# Rattlesnake Vaccine -- any new info?



## Magwart (Jul 8, 2012)

On of my dogs and I will be in SW Colo. all summer, and there are rattlesnakes around. Our place is at least a 90 minutes drive from the closest dose of rattlesnake antivenin -- I called the town's vet and checked. 

If we're up on a trail, add however long it takes to get down off it to that ticking clock. We will easily be at the 2 hour mark, even if conditions are optimal (no traffic, smooth descent from the hike, etc.). That's at the outer limit of the extra time the vaccine is supposed to offer.

Normally, I wouldn't even consider that vaccine, but the long distance away from antivenin has me seriously concerned.

The existing threads on this are a few years old, with most opting for snake avoidance training instead. Everything is second hand about this vaccine -- lots of anecdotal concerns about efficacy, but no real-world experiences. 

Has anyone here actually given the vaccine and had a snake bite the dog? If so, how much time did it buy you? Was there a vaccine reaction at the injection site, and if so, how bad of one?


----------



## osito23 (Feb 17, 2014)

I'm in Texas and enjoy hiking with my dogs. I get the vaccine and do avoidance training. I don't have any studies to link but I haven't had any issues with reactions (even with small breeds) and the vaccine. My vet sees dozens of snake bites every season and feels the vaccine is very effective. The bird dog people I do the aversion training with also swear by the vaccine. 
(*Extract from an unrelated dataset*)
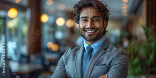 happy, smiling, indian, business, man, leader, look, ahead, professional, modern, confident, charismatic, friendly, positive, engaging, photogenic, stylish, indoor, workspace, background, warm, lighting, relaxed, casual attire, successful, charming, approachable, personality, hair, beard, eye, expressive, joyful, welcoming, natural, bright

I had a dog get bit years ago before the vaccine was out, and of course we were hiking out in the middle of no where when it happened. The nearest vet did not carry anti-venin either, so we treated with antibiotics and steroids. My dog survived but was very sick; she spent 10 days at the vet and received multiple blood transfusions. It's not an experience I would like to repeat, so I do everything I can short of moving to Canada.


----------



## MMcCoy (May 12, 2016)

I had no idea this was a thing! I just messaged my vet to find out details! Thank you so much for drawing my attention to this!


----------



## Besketball (Apr 27, 2016)

You've inspired me to do some research on the topic. I've never heard of such a vaccine. But if I were in your position, I'd probably go for the vaccine. The antivenom is pretty far away and you never know when your pup might get bitten.


----------



## voodoolamb (Jun 21, 2015)

For what ever it'seems worth - We did the rattlesnake vaccines for our horses. 6 horses. 4 had no reaction whatsoever. 1 seemed to be very sore/bruised at the injection site and 1 had localised swelling the size of a grapefruit along with a slight fever on the first round the subsequent shots had no reaction that I can recall.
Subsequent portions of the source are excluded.